Organic farming that eschews the use of chemical fertilizers is gathering much public attention. However, few organic fertilizers for hydroponic farms have been developed. The reason is the difficulty of producing organic nitrate-nitrogen that can be used on plants without using scientific methods. IAI already produces eco-friendly nitrate-nitrogen organic liquid fertilizer from food processing wastewater using microbes as a raw material, but no stable maintenance method has been established due to the lack of knowledge about the state of microbes inside the liquid fertilizer production apparatus.

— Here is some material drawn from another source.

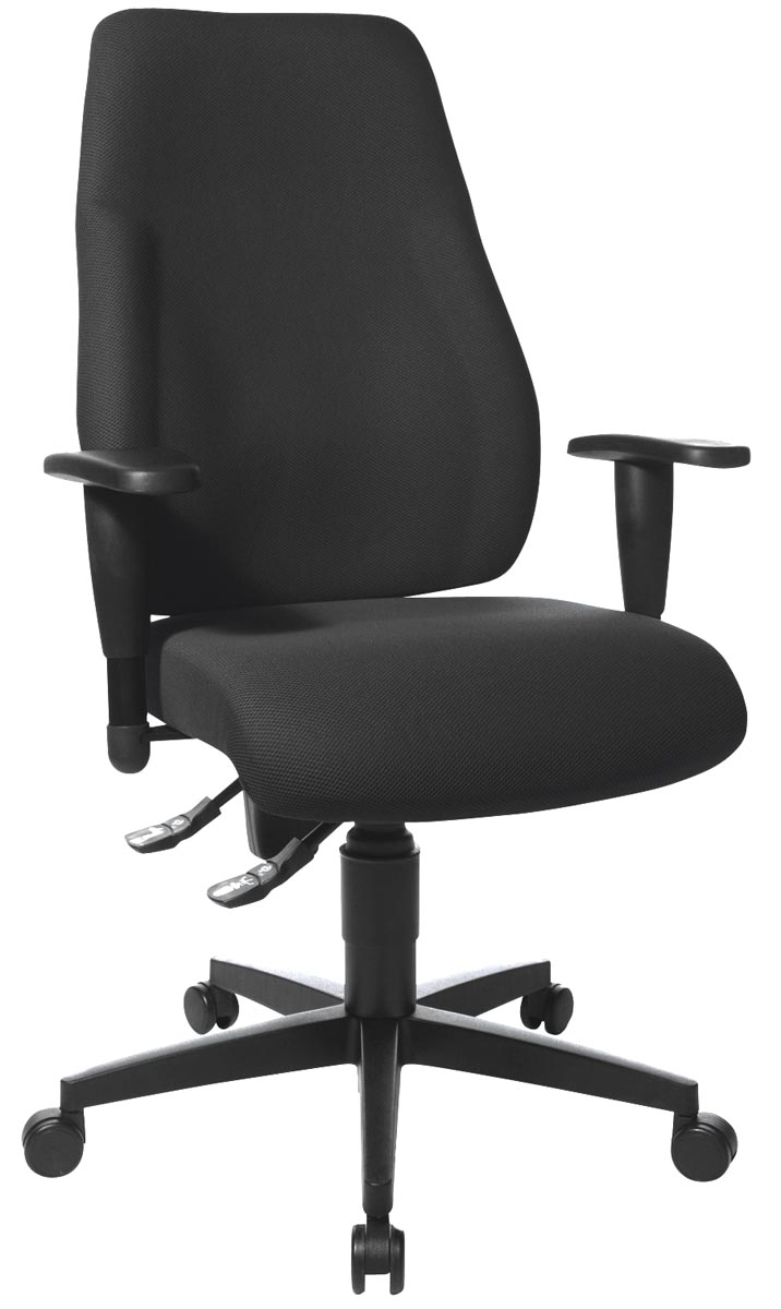 Wie funktioniert die Sitness®-Technologie?Bei Sitness® sind Rückenlehne und Sitz dynamisch miteinander verbunden.Dieses Design erzeugt ein völlig neues Sitzgefühl, das die Rückenmuskulatur kontinuierlich aktiviert und stärkt, ohne dass man darüber nachdenken muss!Die Vorteile von Sitness®?- stärkt den Rücken und die Wirbelsäule- entlastet die Bandscheiben- fördert die Blutzirkulation- verbessert die Konzentration- steigert die ProduktivitätBürostuhl "Lady Sitness"• Bezug: 100 % Polyester• Damendrehstuhl mit pendelndem Sitz• Rückenlehne mit spezieller Form im Rückenbereich - Frauen benötigen in dieser Zone mehr Unterstützung• atmungsaktiver Sitz in 7 verschiedenen Zonen mit unterschiedlichen Härtegrade• Druckentlastungsfeder und optimale Belüftung• Spezieller Fitnesssitz mit Body-Balance-Tec-Gelenk für eine dreidimensionale Sitzfläche• Sitzhöhenverstellung durch Toplift• doppelte Sicherheitsrollen mit gewichtsabhängiger Bremsfunktion, für Teppichböden• Nylonfuß in Schwarz• Rückenhöhe: 580 mm• Sitzabmessungen: (B)460 x (T)450 x (H)420 - 530 mm• höhenverstellbare Armlehnen des Typs "K2" mit Softpad-Bezug• SCHWARZER Sitz, andere Farben auf Anfrage erhältlich!Empfohlene Sitzdauer: 7 Stunden und mehr- für den intensiven Einsatz im Büro oder im Privatbereich empfohlen- hoher Sitzkomfort- sehr ergonomische Ausstattung- getestet gemäß den Normen EN 1335 1-3 und GS

The research group therefore ran IAI's liquid fertilizer production apparatus for a period totaling more than one year. They found it could continuously produce over 100 liters of stable, highly concentrated liquid fertilizer per day. In addition, in the first 70 days of running the equipment, the team analyzed the microbial communities within two reactors and found that each had formed separate flora. Moreover, the search for key microbes within the apparatus revealed that the microbe known as Comammox, a unique, recently discovered microbe, was efficiently producing nitrate-nitrogen.

Sato explains that, "We have expanded the scale of the trial with liquid fertilizer production equipment (about seven times larger) and confirmed that the fertilizer we make is able to hydroponically grow consistent tomatoes. In future, I hope to proceed with analyzing the properties of this liquid fertilizer."